Pour Annemarie Schwarzenbach, qui a toujours entretenu une relation très conflictuelle avec sa mère, la découverte des effets euphorisants de la morphine correspond avec la fin d’un monde, celui du Berlin des années 30 et le spectacle affligeant du triomphe de l’idéologie nazie en Allemagne – idéologie, qui était aussi celle de sa mère, Renée Schwarzenbach-Wille, cavalière d’obstacle à l’allure masculine et autoritaire. Avec son mari, le magnat de la soie Alfred Schwarzenbach, cette descendante d’une Bismarck et du général des forces suisses durant la Première guerre mondiale, aura exercé sur sa fille une emprise particulièrement tenace.

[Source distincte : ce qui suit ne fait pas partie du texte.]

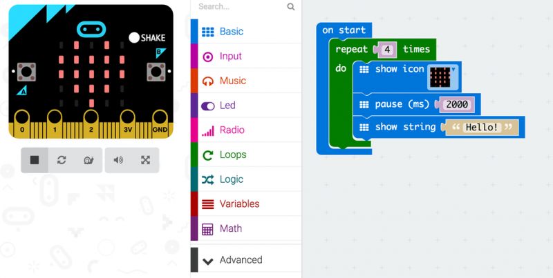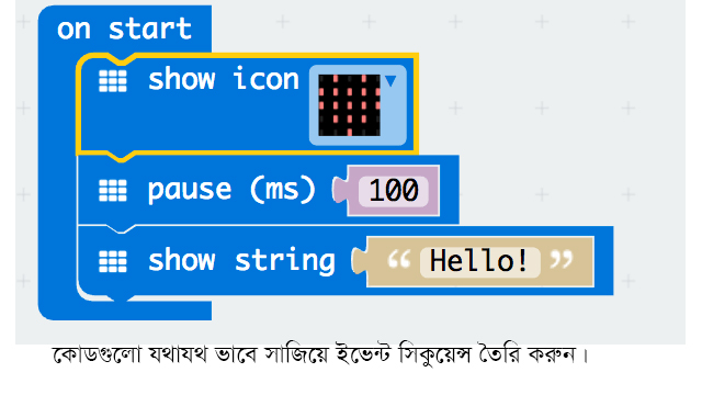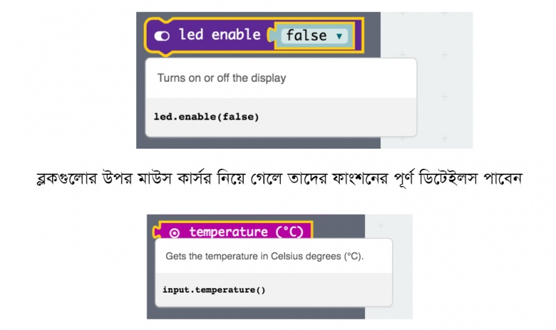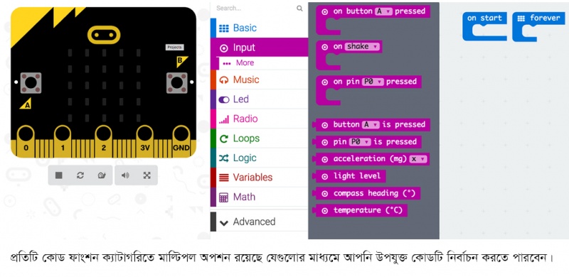 এই দুটি ব্লকে কোড যুক্ত করা হলো ড্রাগ এন্ড ড্রপ এর মতোই সহজ। কোড উইন্ডো এবং সিমুলেশনের মাঝে আপনি এপ্লিকেশন তৈরি করার জন্য যাবতীয় কমান্ড লিস্ট পাবেন। এই কমান্ড লিস্ট গুলো বিভিন্ন বিভাগে ভাগ করা থাকবে। যেমন micro:bit বোর্ডের কমান্ড লিস্টগুলো Basic, Input, Music, LED, Radio, Loops, Logic, Variables, Math ইত্যাদি বিভাগে ভাগ করা রয়েছে। এগুলোকে আপনি আপনার নিজের প্রয়োজন অনুযায়ী এক্সপ্লোর করে নিয়েন। তবে আপনি যদি আপনার পছন্দসই কোডটি গ্রুপ বিভাগে খুঁজে না পান তাহলে “more“ অপশনে ক্লিক করতে ভূলবেন না যেন!

La nature malsaine de cette relation n’avait pas échappé à Klaus et Erika Mann qu’Annemarie Schwarzenbach, en antifasciste convaincue, fréquentait à côté d’autres exilés politiques et juifs allemands, comme la photographe Marianne Breslauer. Mais Erika Mann (à laquelle Schwarzenbach vouait un amour éperdu, jamais partagé) et son frère, prendront leurs distances avec elle, après qu’un violent groupuscule d’extrême-droite avait boycotté une séance de leur cabaret politique, exilé à Zurich, Die Pfeffermühle, et qu’une enquête, restée sans suites, avait mis en lumière les liens des intrus avec la famille Schwarzenbach.

Alors, quand Ella Maillart, ethnologue et écrivain de voyage genevoise, rencontrée en automne 1938, vient lui rendre visite dans une clinique d’Yverdon (où elle suit une cure de désintoxication) pour lui proposer de voyager à deux en Afghanistan, Schwarzenbach accepte. Dans l’espoir à la fois de fuir le climat délétère en train de s’installer en Europe, mais également la « dictature » des drogues : « Annemarie Schwarzenbach wollte durch die Reise ihr Leben, das 1938 ziemlich aus den Fugen geraten war, wieder in den Griff bekommen, es dank einem klar definierten Ziel besser strukturieren. Sie nahm die anstrengende Fahrt auch als Anlass, um sich unter der Obhut der moralisch integren Ella Maillart von den Verführungen des Morphiums fernzuhalten », écrit dans sa postface, Roger Perret, qui dirige l’édition des œuvres d’Annemarie Schwarzenbach.

Au cours de cette cure, Schwarzenbach avait terminé un roman, La vallée heureuse. Quant à Ella Maillart, elle jouissait à ce moment-là d’une réputation internationale, en raison de ses nombreux photoreportages réalisés en Asie. « Auch Annemarie Schwarzenbach genoss in der Schweiz einen gewissen Bekanntheitsgrad durch ihre Artikel und Fotoreportagen über Reisen in Europa, nach Asien und den USA. Beide waren Pionierinnen in ihrem Bereich und zählten zu den Vertreterinnen einer neuen, unabhängigen und unerschrockenen Generation von Frauen », note encore Roger Perret, pour qui les deux femmes étaient « Ende der dreissiger Jahre im Zenit ihrer Laufbahn ».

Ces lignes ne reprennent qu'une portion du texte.